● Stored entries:
○ ○ ○ ○ ○ ○ ○

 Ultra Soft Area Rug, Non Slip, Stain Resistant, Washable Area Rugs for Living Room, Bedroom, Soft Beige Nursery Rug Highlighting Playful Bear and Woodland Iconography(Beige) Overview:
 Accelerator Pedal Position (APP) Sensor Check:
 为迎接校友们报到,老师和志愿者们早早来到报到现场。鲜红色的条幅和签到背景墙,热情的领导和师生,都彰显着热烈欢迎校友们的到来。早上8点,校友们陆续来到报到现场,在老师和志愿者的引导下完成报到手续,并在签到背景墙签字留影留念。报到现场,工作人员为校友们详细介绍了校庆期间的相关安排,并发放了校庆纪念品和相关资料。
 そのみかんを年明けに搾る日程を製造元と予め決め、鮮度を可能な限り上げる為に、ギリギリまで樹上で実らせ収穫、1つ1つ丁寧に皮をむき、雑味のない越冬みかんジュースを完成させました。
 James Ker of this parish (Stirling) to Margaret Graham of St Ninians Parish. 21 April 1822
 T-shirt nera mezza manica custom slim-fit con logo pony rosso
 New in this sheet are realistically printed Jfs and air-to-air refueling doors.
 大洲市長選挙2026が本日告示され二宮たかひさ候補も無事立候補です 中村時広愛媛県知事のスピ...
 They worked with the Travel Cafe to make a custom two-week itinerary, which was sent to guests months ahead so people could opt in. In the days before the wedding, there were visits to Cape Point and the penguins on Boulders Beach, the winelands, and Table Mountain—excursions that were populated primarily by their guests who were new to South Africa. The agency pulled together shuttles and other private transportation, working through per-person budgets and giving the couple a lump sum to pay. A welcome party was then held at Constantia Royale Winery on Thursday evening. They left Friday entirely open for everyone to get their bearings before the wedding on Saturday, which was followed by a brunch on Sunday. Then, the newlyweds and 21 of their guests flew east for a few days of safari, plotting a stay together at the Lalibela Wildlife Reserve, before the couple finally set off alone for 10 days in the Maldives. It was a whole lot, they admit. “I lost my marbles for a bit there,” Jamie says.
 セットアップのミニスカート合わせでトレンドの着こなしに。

○ ○ ○ ○ ○ ○ ○

● TASK DESCRIPTION:
Work out how many lines of the preceding data contain the word "custom". Reply with that number only.

● RESPONSE FOR THIS EXERCISE:
2